> [TASK TO CARRY OUT]:
Please return only the lines from the one holding "SPECIFICATIONS: WIPER /" through the one holding "Cacaobestanddelen: min 30%.", exactly as they appear in the records below, both ends included.

> [DATA FOR THIS EXERCISE]:

****************

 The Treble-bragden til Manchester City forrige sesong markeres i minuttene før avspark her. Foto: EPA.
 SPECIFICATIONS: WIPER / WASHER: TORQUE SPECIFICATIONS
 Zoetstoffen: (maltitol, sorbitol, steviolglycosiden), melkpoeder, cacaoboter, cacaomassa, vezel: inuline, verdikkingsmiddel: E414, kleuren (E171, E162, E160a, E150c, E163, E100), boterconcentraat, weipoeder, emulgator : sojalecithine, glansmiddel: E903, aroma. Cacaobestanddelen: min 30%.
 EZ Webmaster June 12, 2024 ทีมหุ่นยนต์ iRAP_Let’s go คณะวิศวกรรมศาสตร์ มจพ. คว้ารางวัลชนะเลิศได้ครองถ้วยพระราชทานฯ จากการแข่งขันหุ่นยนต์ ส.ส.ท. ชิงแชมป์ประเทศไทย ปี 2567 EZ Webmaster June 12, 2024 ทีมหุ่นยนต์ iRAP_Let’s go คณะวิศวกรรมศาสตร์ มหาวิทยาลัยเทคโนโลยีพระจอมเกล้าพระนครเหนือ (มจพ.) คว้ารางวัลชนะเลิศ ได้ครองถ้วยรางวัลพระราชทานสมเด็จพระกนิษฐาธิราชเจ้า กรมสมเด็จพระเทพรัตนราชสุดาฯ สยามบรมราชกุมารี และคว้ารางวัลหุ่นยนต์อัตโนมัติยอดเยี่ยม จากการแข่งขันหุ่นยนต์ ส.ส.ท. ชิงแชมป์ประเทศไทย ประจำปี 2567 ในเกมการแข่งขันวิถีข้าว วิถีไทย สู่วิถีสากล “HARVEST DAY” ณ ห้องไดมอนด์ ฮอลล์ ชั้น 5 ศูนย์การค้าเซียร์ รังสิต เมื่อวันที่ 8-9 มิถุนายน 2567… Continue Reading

****************

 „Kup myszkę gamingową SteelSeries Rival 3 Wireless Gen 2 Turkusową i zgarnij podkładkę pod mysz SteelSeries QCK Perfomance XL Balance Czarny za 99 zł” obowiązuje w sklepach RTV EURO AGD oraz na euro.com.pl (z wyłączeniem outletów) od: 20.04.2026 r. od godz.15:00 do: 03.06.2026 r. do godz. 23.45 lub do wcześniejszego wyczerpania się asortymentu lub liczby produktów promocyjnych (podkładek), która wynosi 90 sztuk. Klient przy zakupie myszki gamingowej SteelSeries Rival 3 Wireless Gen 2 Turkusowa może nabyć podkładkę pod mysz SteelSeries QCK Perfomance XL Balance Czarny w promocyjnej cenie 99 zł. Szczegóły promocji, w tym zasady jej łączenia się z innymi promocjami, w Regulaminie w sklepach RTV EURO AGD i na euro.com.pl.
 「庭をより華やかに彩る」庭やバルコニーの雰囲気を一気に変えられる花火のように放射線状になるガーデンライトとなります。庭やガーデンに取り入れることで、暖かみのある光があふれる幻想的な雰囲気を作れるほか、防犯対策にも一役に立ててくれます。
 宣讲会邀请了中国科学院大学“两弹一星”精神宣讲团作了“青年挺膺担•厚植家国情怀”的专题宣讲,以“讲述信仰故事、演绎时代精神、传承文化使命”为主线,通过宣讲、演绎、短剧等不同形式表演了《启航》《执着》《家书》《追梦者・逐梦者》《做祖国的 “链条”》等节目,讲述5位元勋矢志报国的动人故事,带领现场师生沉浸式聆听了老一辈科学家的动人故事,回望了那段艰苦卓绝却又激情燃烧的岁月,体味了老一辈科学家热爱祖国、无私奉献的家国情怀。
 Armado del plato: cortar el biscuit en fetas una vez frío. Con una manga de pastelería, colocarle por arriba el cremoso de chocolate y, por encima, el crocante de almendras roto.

****************

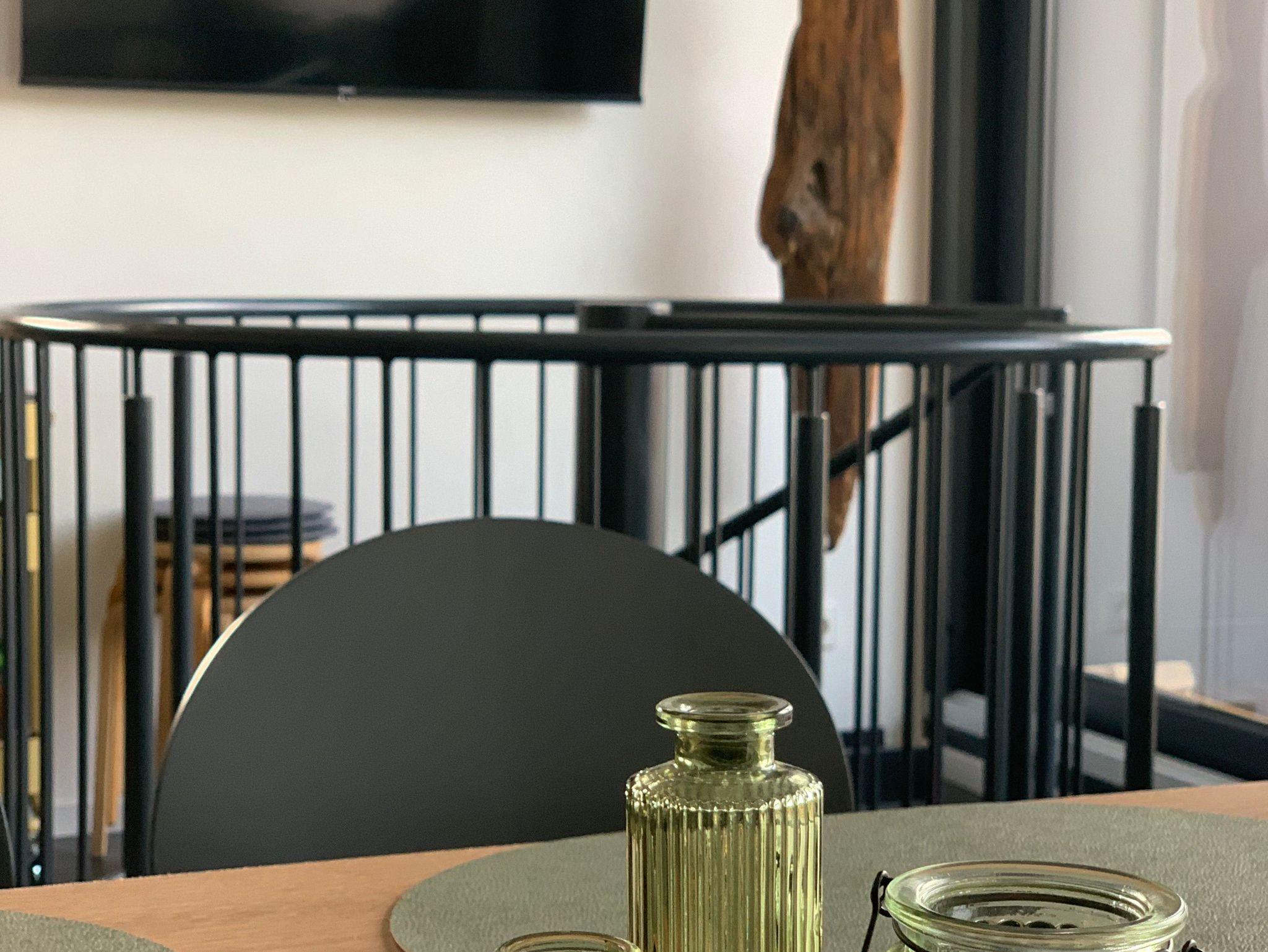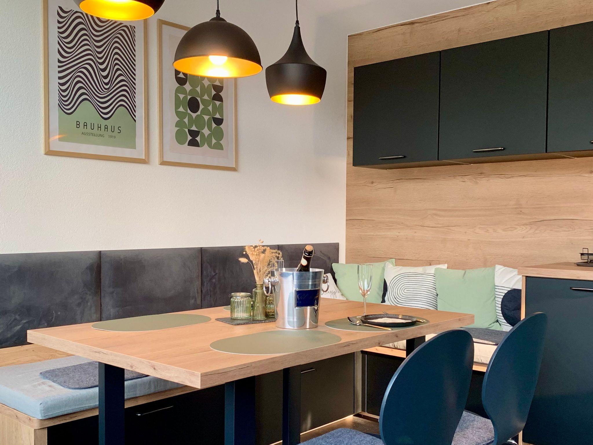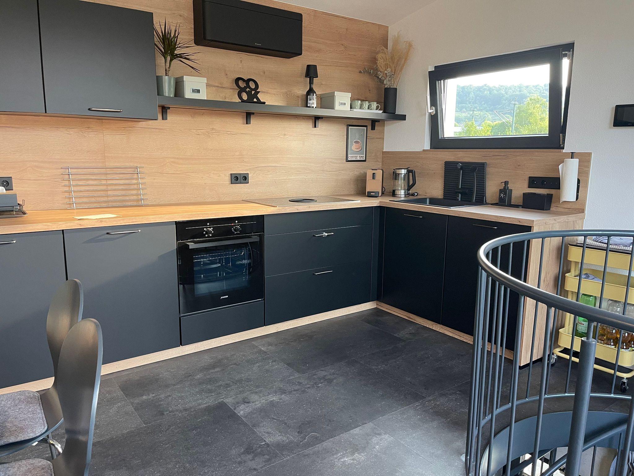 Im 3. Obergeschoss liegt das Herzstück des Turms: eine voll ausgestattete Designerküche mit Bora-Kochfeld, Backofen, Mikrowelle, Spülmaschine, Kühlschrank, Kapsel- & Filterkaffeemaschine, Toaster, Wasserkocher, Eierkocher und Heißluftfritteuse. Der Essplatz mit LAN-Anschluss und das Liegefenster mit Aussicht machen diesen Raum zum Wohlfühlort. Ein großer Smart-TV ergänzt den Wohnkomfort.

****************

> [RESPONSE BOX]:
 SPECIFICATIONS: WIPER / WASHER: TORQUE SPECIFICATIONS
 Zoetstoffen: (maltitol, sorbitol, steviolglycosiden), melkpoeder, cacaoboter, cacaomassa, vezel: inuline, verdikkingsmiddel: E414, kleuren (E171, E162, E160a, E150c, E163, E100), boterconcentraat, weipoeder, emulgator : sojalecithine, glansmiddel: E903, aroma. Cacaobestanddelen: min 30%.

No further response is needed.